The first systematic works on the question of evidence, written by lawyers from northern Italy during the fifteenth and sixteenth centuries, had warned judges that torture was permissible only if circumstantial evidence reached a certain threshold, characterized as a ‘half-proof’ or a ‘proximate indication’. The safeguard, always optimistic, very soon became illusory – because judges, rather than dispense with torture, simply expanded the range of half-proofs. By the 1590s, for example, a suspected thief could be tortured in most parts of Europe if he or she had been spending more than usual. Suspected witches could be tortured in early-seventeenth-century France if they avoided the gaze of their judge. And the rules about half-proofs were complemented by the notion of the ‘perfect proof’, whereby circumstantial evidence, when topped up by a confession, positively required a judge to convict. The logic was elaborate, but the effect was simple: arrest virtually guaranteed torture, which virtually guaranteed conviction.

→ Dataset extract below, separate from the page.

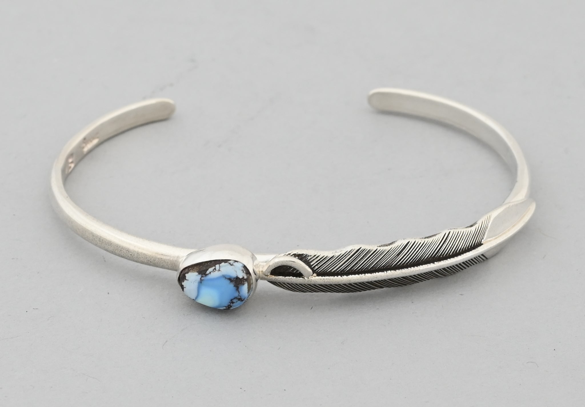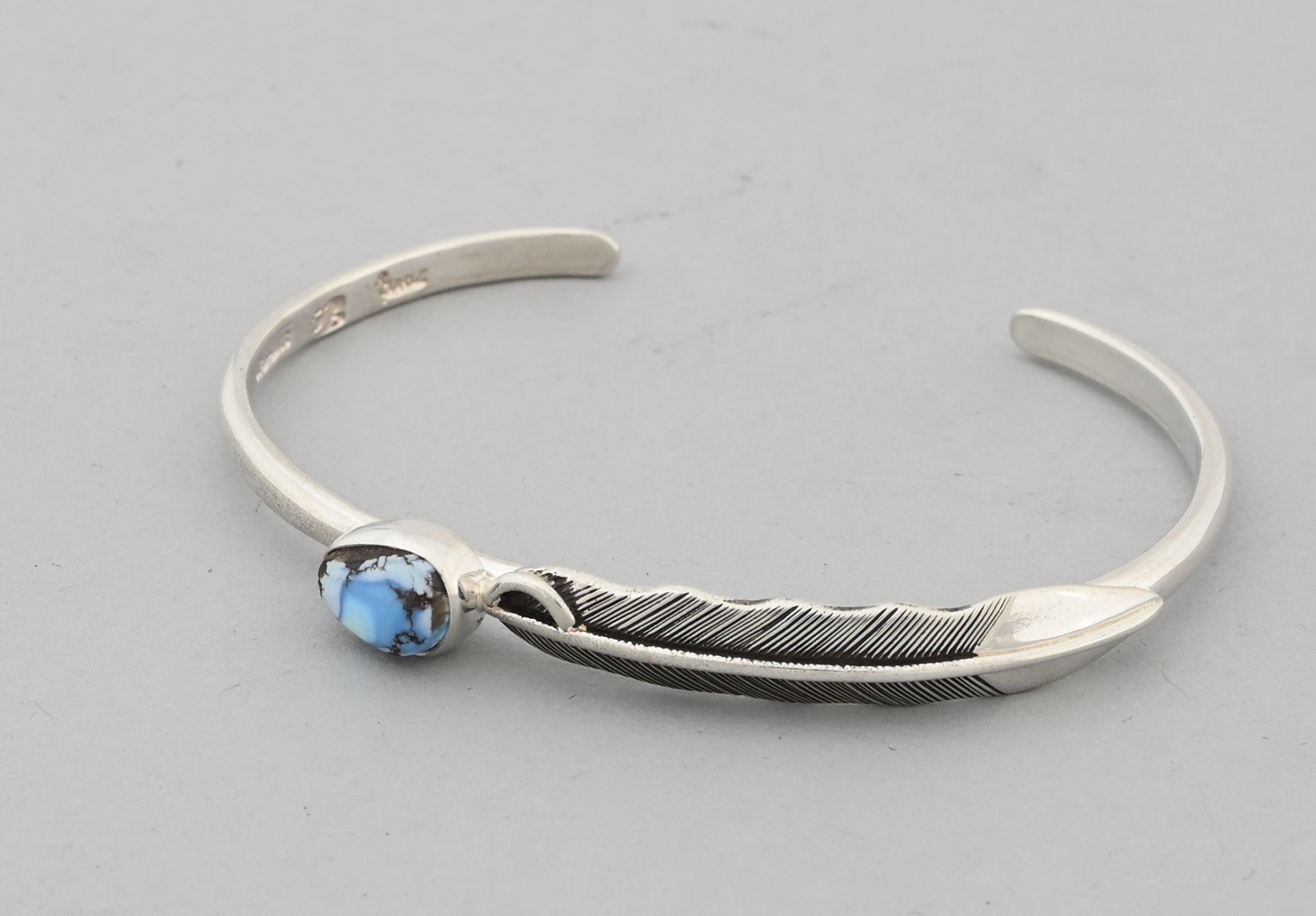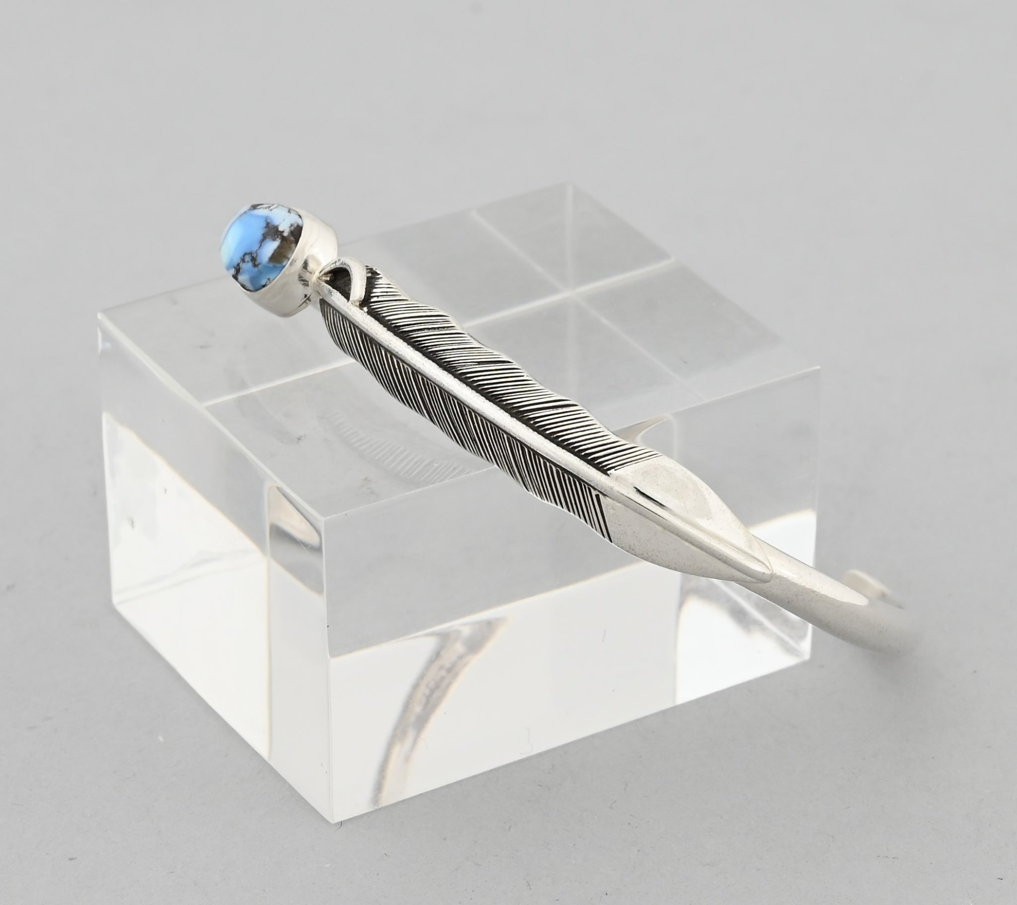Bracelet with Feather and Golden Hills Turquoise by Raymond Coriz (Navajo)

The diversity of German law meant that its procedures became particularly convoluted. The region’s princes notionally owed loyalty to a ruler whom they elected, and during the sixteenth century a law was enacted by Emperor Charles V that sought to minimize arbitrariness by establishing ground rules that would apply in every German state. The 1532 code, known as the Carolina, permitted each one to maintain its customary laws however, and it aimed only at ensuring that there were ‘legally sufficient’ grounds for torture – with the consequence that it spread inquisitorial lunacies as much as it suppressed them. It advised judges, for example, that torture was permissible if a suspect was ‘insolent and wanton’, or in possession of an item similar to something found at the crime scene. Inquisitors soon got the point, and began developing rules of their own. By the seventeenth century, an unnatural pallor was sufficient to justify torture for several crimes in Frankfurt-am-Main. Suspected adulterers were imperilled simply by being found in an attractive woman’s house – unless the culprit was a cleric, in which case he could be caught in a clinch and the court would presume that he had been ministering to her spiritual needs.
The code also advised inquisitors to seek confessions even where eyewitness testimony and circumstantial evidence were already overwhelming. Prisoners who withdrew admissions on the scaffold might therefore be rushed back to the rack, on the theory that a miscarriage of justice would otherwise ensue. And although the Carolina had been based on a Bamberg statute that pronounced it ‘better to acquit a guilty person than to condemn an innocent one to death’, at least some lawyers took a very different view. Fynes Moryson, an Englishman touring Europe in the late sixteenth century, reported that he had met several who justified deaths through torture with ‘a strange, yet good, saying…namely that it is better one innocent man should dye by triall, then many [guilty] persons should escape for want of [it]’.